Propone ricorso per cassazione l’Ufficio , affidato a due motivi; la società contribuente intimata non si è costituita in giudizio.
CONSIDERATO CHE
Con il primo motivo si deduce, in relazione all’art. 360, primo comma, n. 3, cod. proc. civ., violazione e falsa applicazione dell’art. 57 d. lgs. 31 dicembre 1992, n. 546 e dell’art. 112 cod. proc. civ., nella parte in cui il giudice di appello ha ritenuto tardive le deduzioni contenute in memoria. Osserva parte ricorrente che le questioni dedotte con memoria hanno avuto ad oggetto le violazioni del diritto
dell’Unione, con particolare riferimento al divieto degli aiuti di Stato , rilevabili di ufficio, attinenti in particolare all’IVA versata e al rispetto, per le imposte dirette, del regime de minimis , questioni che erano peraltro state sollevate sin dal primo grado di giudizio. Osserva, inoltre, parte ricorrente che nelle domande di rimborso l’Agenzia non è attore sostanziale e può introdurre nuovi argomenti di discussione relativi ad ulteriori profili di discussione costituenti fatti impeditivi del diritto al rimborso. In ogni caso, deduce il ricorrente, le deduzioni attenevano alla sopravvenuta decisione del 14 agosto 2015 della Commissione UE, costituente -al pari delle altre decisioni della Commissione UE -fonte di produzione del diritto dell’Unione.

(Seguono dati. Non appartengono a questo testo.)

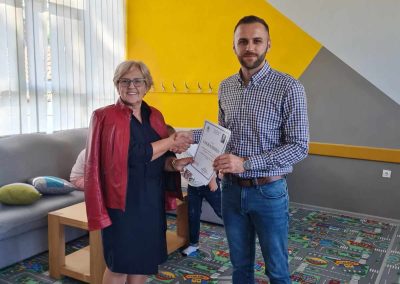 Велику захвалност изражавамо господину Нерину Диздару, министру у Федералном министарству расељених особа и избјеглица за донацију средстава којима је купљен намјештај за просторију продуженог боравка.

2. Con il secondo motivo si deduce, in relazione all’art. 360, primo comma, n. 3, cod. proc. civ., violazione e falsa applicazione dell’art. 9, comma 17, l. 27 dicembre 2002, n. 289, dell’art. 1, comma 665, l. 23 dicembre 2014, n. 190, degli artt. 107 e 108 TFUE, dei principi stabiliti dalla Commissione UE con Decisione (UE) 2016/195 C (2015) 5549 final, degli art . 2, 22 Dir. 77/388/CEEE, dell’ordinanza CGUE, 15 luglio 2015, C-82/14, nella parte in cui la sentenza impugnata ha ritenuto che il diritto al rimborso è compatibile con il divieto degli aiuti di Stato. Osserva parte ricorrente che i soggetti che svolgono attività di impresa non possono beneficiare delle disposizioni agevolative di cui alla l. 289/2002, trattandosi di disposizioni incompatibili con la disciplina degli aiuti di Stato. In ogni caso, conclude il ricorrente, è necessario che il contribuente rispetti la disciplina de minimis , il cui onere è a carico del contribuente, così come -deduce il ricorrente -l’IVA non sarebbe in alcun modo rimborsabile.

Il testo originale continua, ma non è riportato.